EXERCISE DETAILS: Retype the records below exactly as given, but only from the first line through the line with "Cleveland derrotó a", and without the pictures.

TASK MATERIAL:
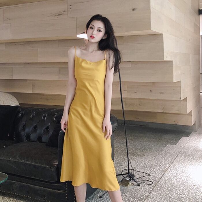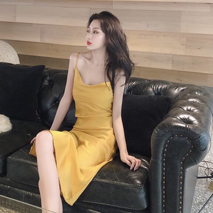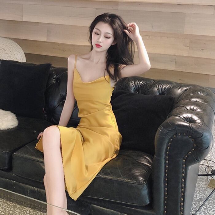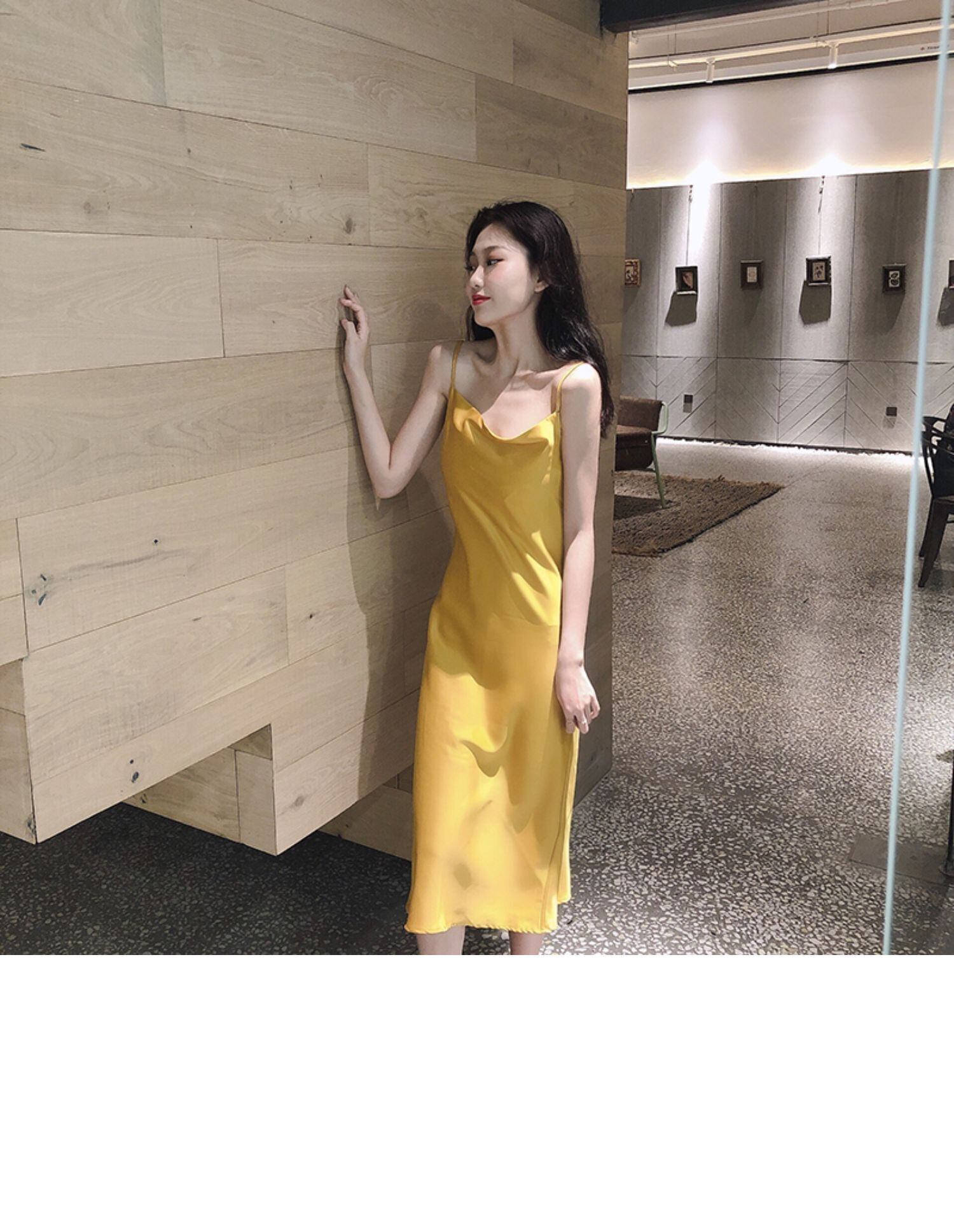 スカート スプリングサマースタイルスタンダードスリムサテンドレス レトロ 春物 夏物 ドラファッションホール4020572901
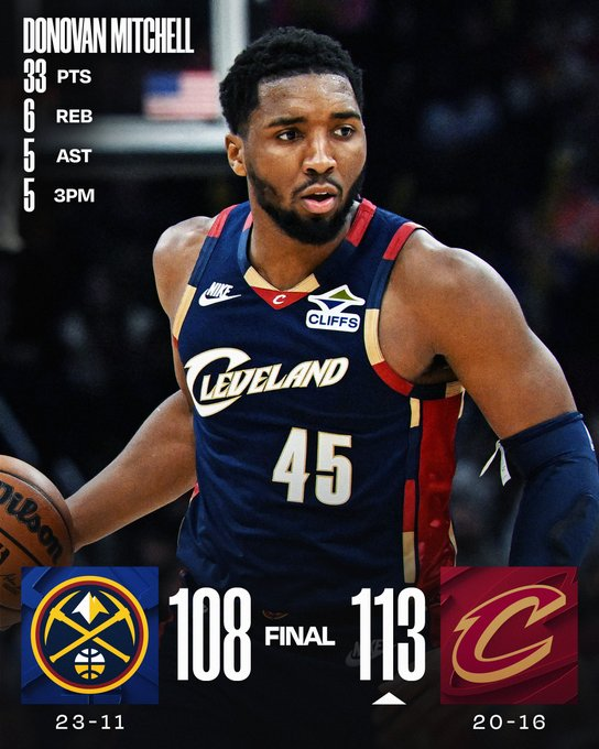 Cleveland derrotó a un diezmado Denver con 33 puntos de Donovan Mitchell y 18 más 8 asistencias de Darius Garland. Los Nuggets, sin Jokic, desperdiciaron su ventaja final pese a los 34 puntos de Jamal Murray. Los Cavs dominaron el rebote 55-32 y cerraron mejor.
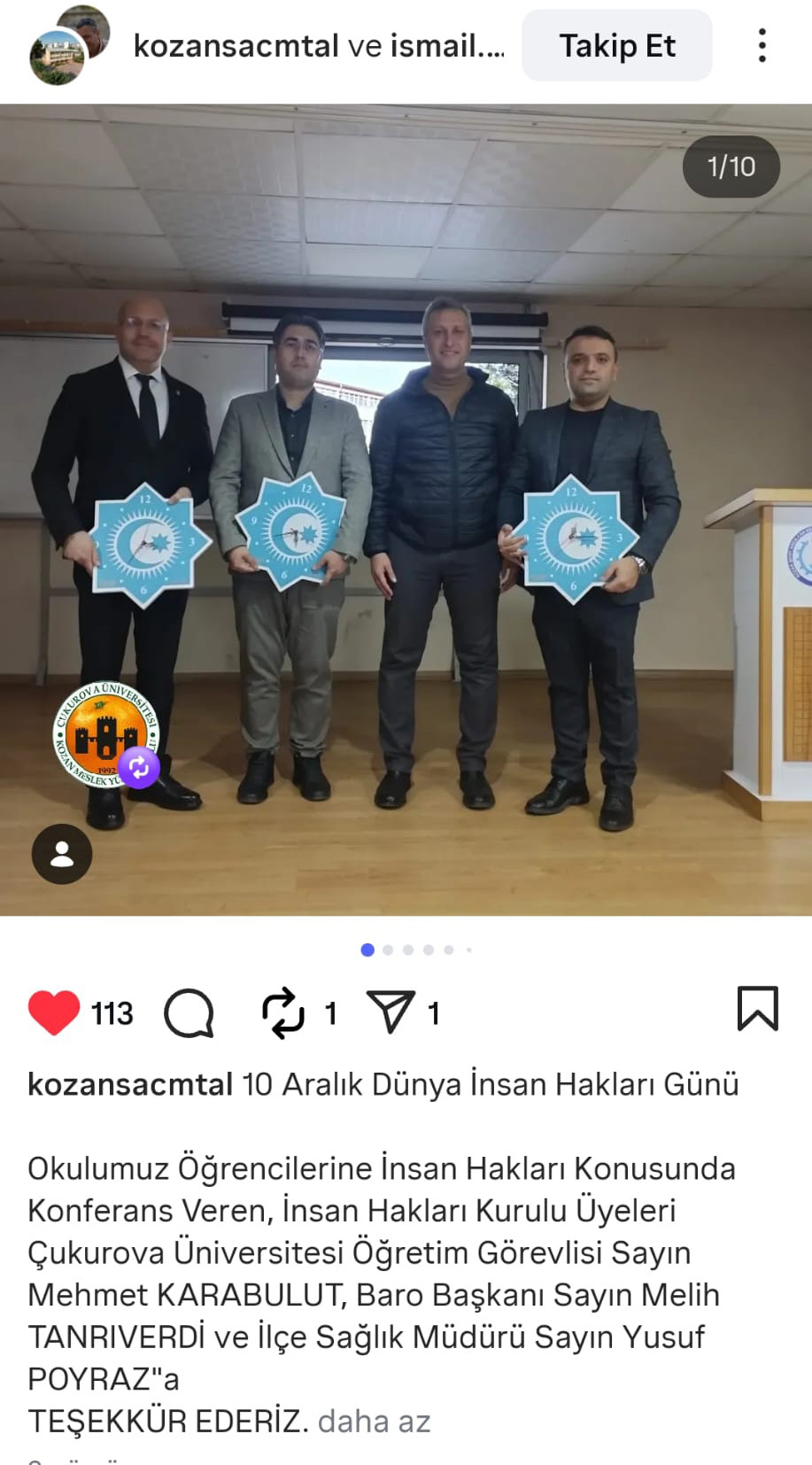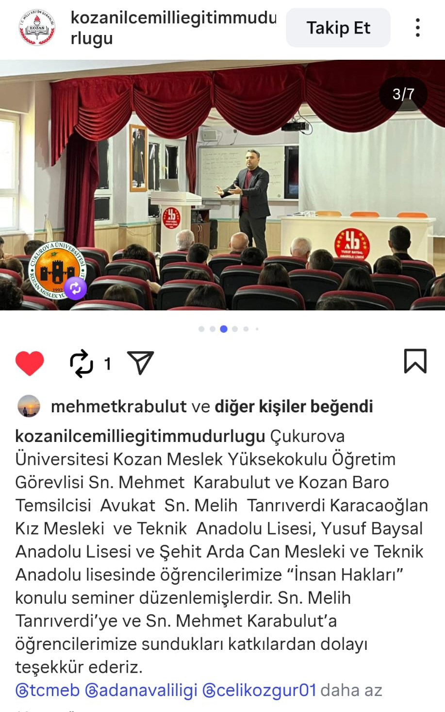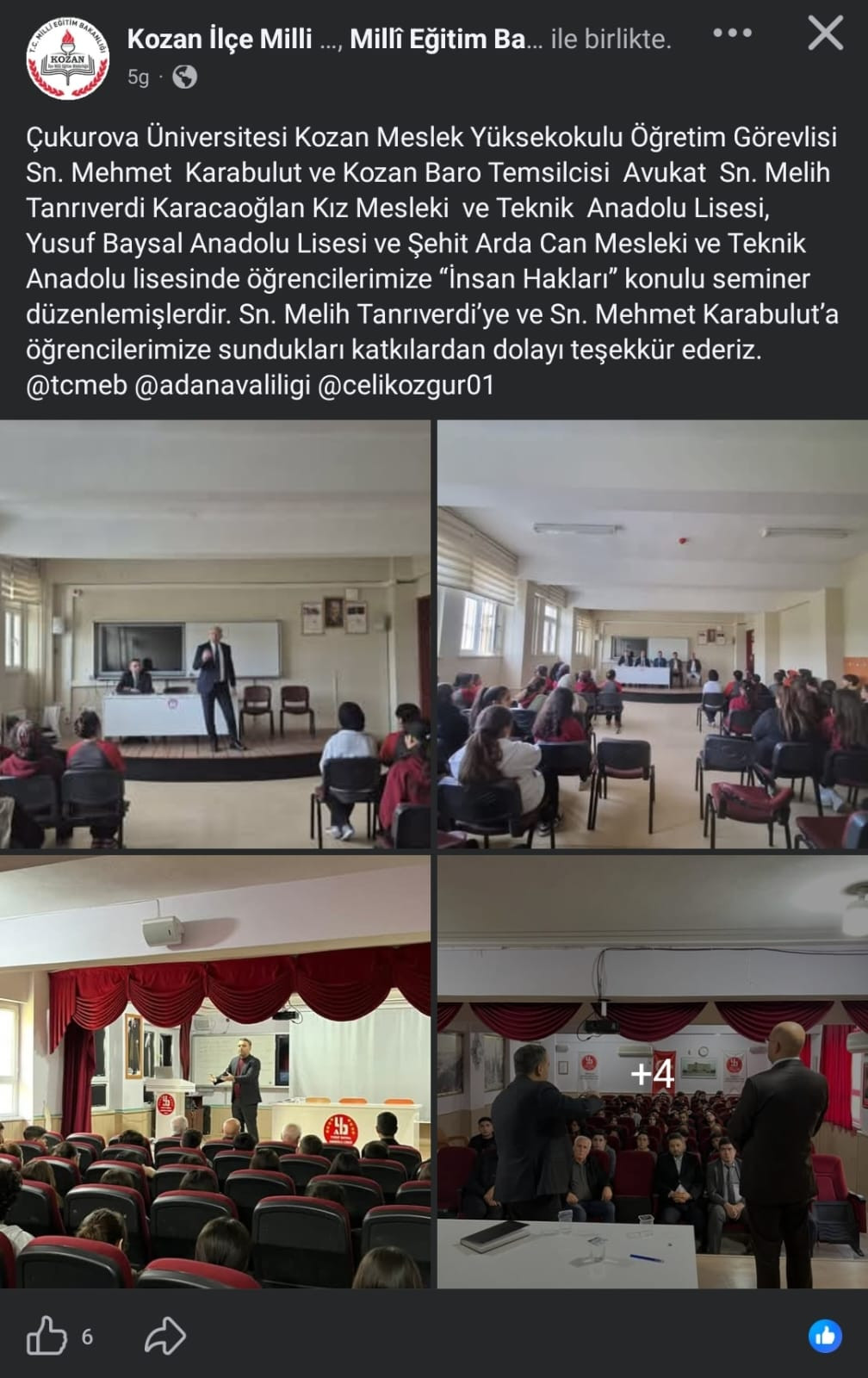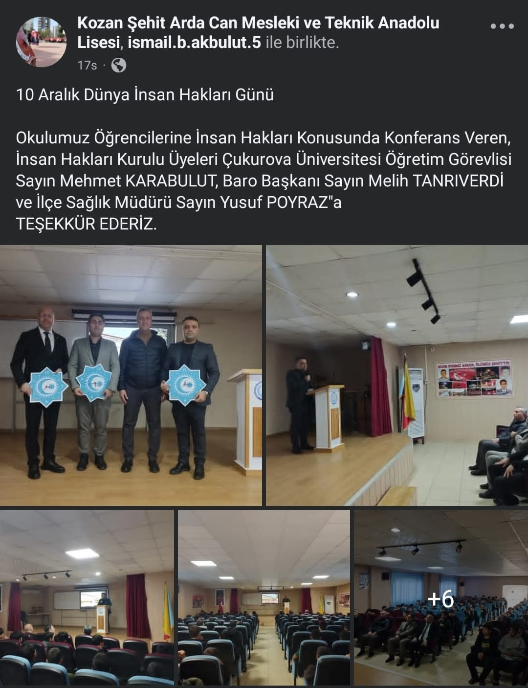 Kozan Meslek Yüksekokulu’nu temsilen Kozan İlçe İnsan Hakları Kurulu üyesi olarak görev yapan Öğr.Gör. Mehmet KARABULUT, 10 Aralık Dünya İnsan Hakları Günü dolayısıyla Kozan ilçesinde bulunan Şehit Arda Can Mesleki ve Teknik Anadolu Lisesi, Yusuf Baysal Anadolu Lisesi ile Karacaoğlan Kız Mesleki ve Teknik Anadolu Lisesi’nde insan hakları konulu seminerler gerçekleştirmiştir.
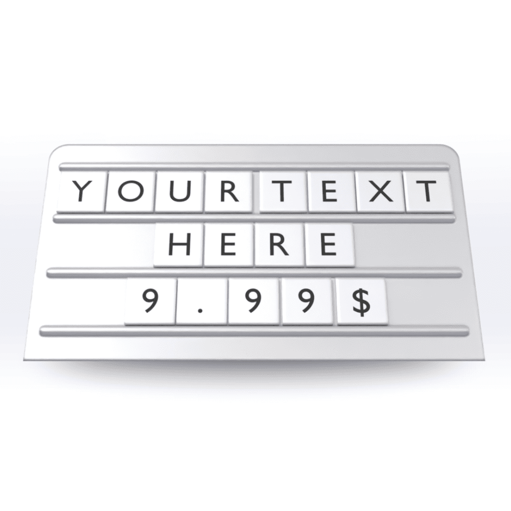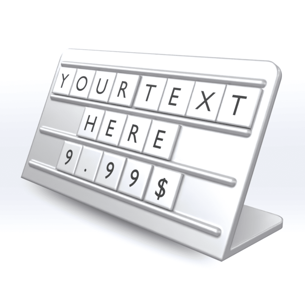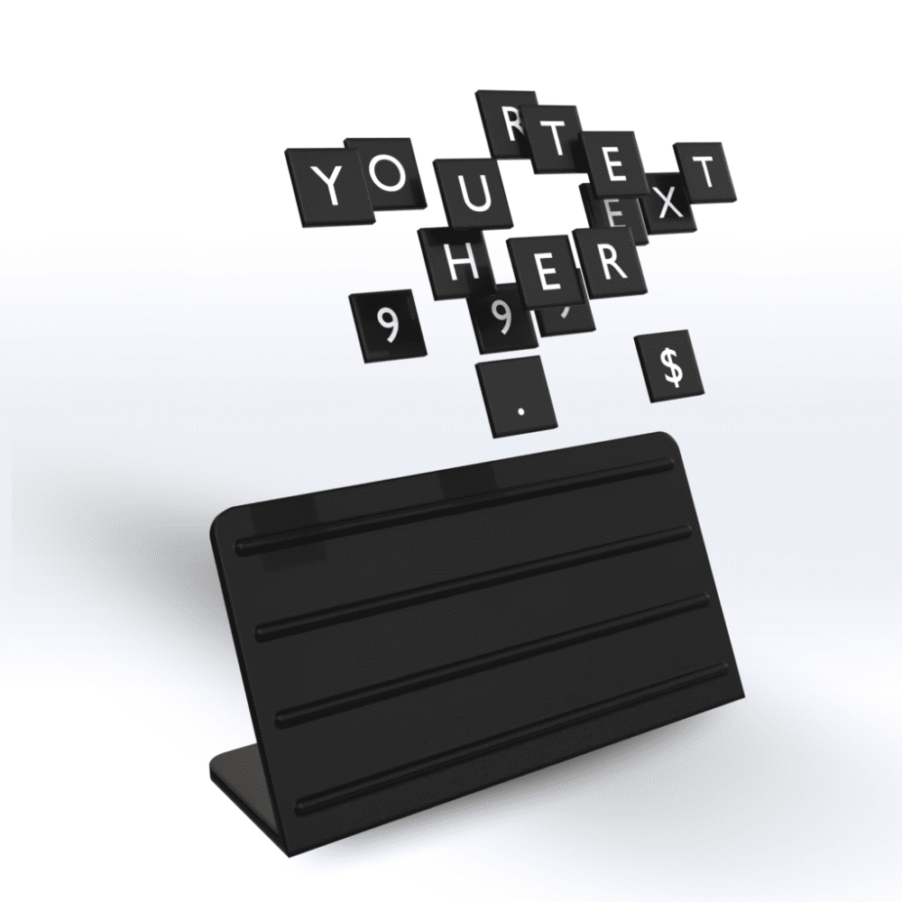 Our new and improved Magnetic Counter Signs come 12 to a pack, and measure 3.5" Wide x 1.75" Tall. Made from magnetic aluminum alloy, our new Magnetic Metal signs include two letter rails assisting signage letters to stay up and straight.
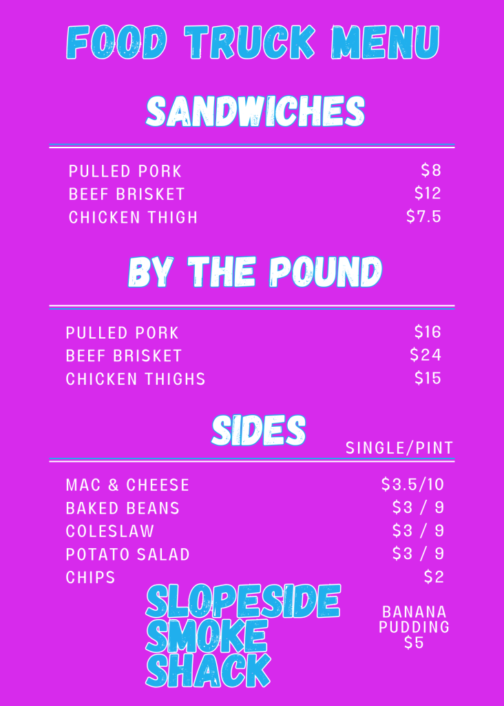 Check our Instagram or Facebook for schedule and locations @slopesidesmoke

RESULT OF THIS EXERCISE:
 スカート スプリングサマースタイルスタンダードスリムサテンドレス レトロ 春物 夏物 ドラファッションホール4020572901
 Cleveland derrotó a un diezmado Denver con 33 puntos de Donovan Mitchell y 18 más 8 asistencias de Darius Garland. Los Nuggets, sin Jokic, desperdiciaron su ventaja final pese a los 34 puntos de Jamal Murray. Los Cavs dominaron el rebote 55-32 y cerraron mejor.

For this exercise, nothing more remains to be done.